SAP did not lose because it terminated Mr Mudgal. It lost because of their actions before terminating him. The Court found three serious problems with how the PIP was run:[4]
- The outcome was pre-decided. Internal emails showed that senior management had already agreed to remove Mr Mudgal before the PIP began. One manager wrote that she wanted him removed ‘as soon as possible’. Another recorded that management had ‘no appetite’ for long-term behavioural correction, yet the PIP was put in place anyway.
- Improvements were dismissed dishonestly. Mr Mudgal actually improved his conduct during the PIP. His supervisor acknowledged he was ‘following the plan’ and behaving professionally. Yet she chose to doubt his sincerity, relying partly on feedback she attributed to colleagues, feedback those colleagues later denied giving.
- The process was shoddy. There were no documented weekly check-ins. The PIP was never formally closed out and Mr Mudgal was left believing he had passed as he had received no negative feedback. The Court's concluded that, “It was not open to the defendant to lead him on like a lamb to slaughter on the false pretext that he was being given a genuine opportunity to improve.”[5]
Crucially, the Court emphasised SAP had an easy alternative: it could have simply invoked the contractual one-month notice clause and terminated cleanly.[6] Instead, it ran a dishonest process which on any objective view, be calculated and likely to destroy or seriously damage the relationship of confidence and trust between employer and employee. It was these actions that the court found in breach of the implied term of mutual trust and confidence.
What Did Mr Mudgal Actually Receive?
Despite winning on the breach, Mr Mudgal received only $1,000 in nominal damages. His $5 million claim failed because he could not prove his losses flowed from SAP's breach:
- His difficulty finding work was more likely caused by COVID-19 immigration restrictions and his own immigration status, not any reputational damage from SAP.
- His major depressive disorder pre-dated the discovery of the breach, he only learned of the pre-ordained PIP during litigation, so it could not have caused his earlier distress.[7]
- His claim was essentially for lost future salary, which the law does not allow, as there is no right to lifetime employment.[8]

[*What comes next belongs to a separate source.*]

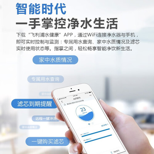 净水器支持通过手机软件智能操控,方便随时使用手机查询水质等。采用一级水效设计,净水器用水更省降低使用成本。
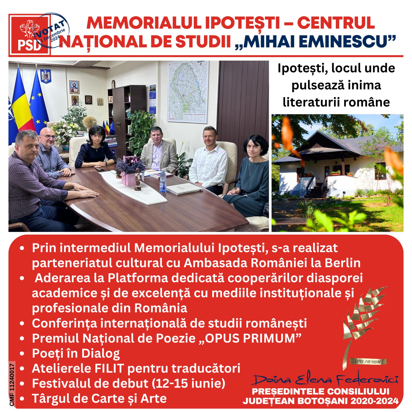 Prin Memorialul Ipotești, s-a realizat parteneriatul cultural cu Ambasada României la Berlin și cel cu Ministerul Afacerilor Externe pentru promovarea operei lui Mihai Eminescu și sărbătorirea în comun a Zilei Culturii Naționale, pe 15 ianuarie, zi în care s-a născut marele poet.

What Should Employers Do Differently?
On PIPs:
- Only use a PIP if you genuinely intend to retain the employee if they improve. If the decision to exit is already made, do not run a PIP, use the termination clause directly.
- Set clear, measurable objectives. Hold documented check-ins. Formally close out the plan and communicate the outcome to the employee.

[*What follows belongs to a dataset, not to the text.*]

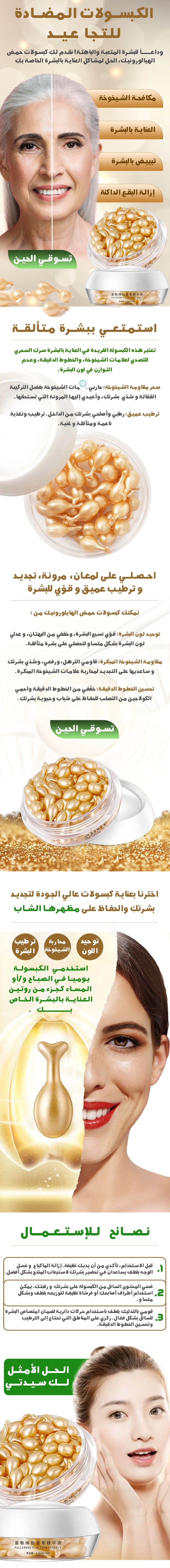 الإجابة: كبسولة واحدة كل ليلة قبل النوم على بشرة نظيفة. مخصصة للاستخدام الليلي فقط.
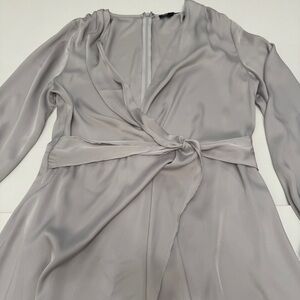 Express gray long sleeve dress satin midi length size M

- Never circulate internal emails describing the PIP as a "process to follow" while the exit is already planned. Those emails become evidence.
On internal communications:
- Assume every internal message could appear in court. Statements like "full alignment on removing him" or "no appetite for long-term correction" will be scrutinised.
On fair evaluation:
- If an employee improves during a PIP, acknowledge it genuinely. Dismissing real improvement as "faking it", without proper basis, is exactly the kind of conduct the Court found problematic.
On termination:
- When a management decision to exit an employee has been made, use the contractual notice provision. It is lawful, clean, and does not expose the company to claims of dishonest conduct.
The court’s message is balanced. Employers may still manage firmly and terminate freely. But they must manage honestly.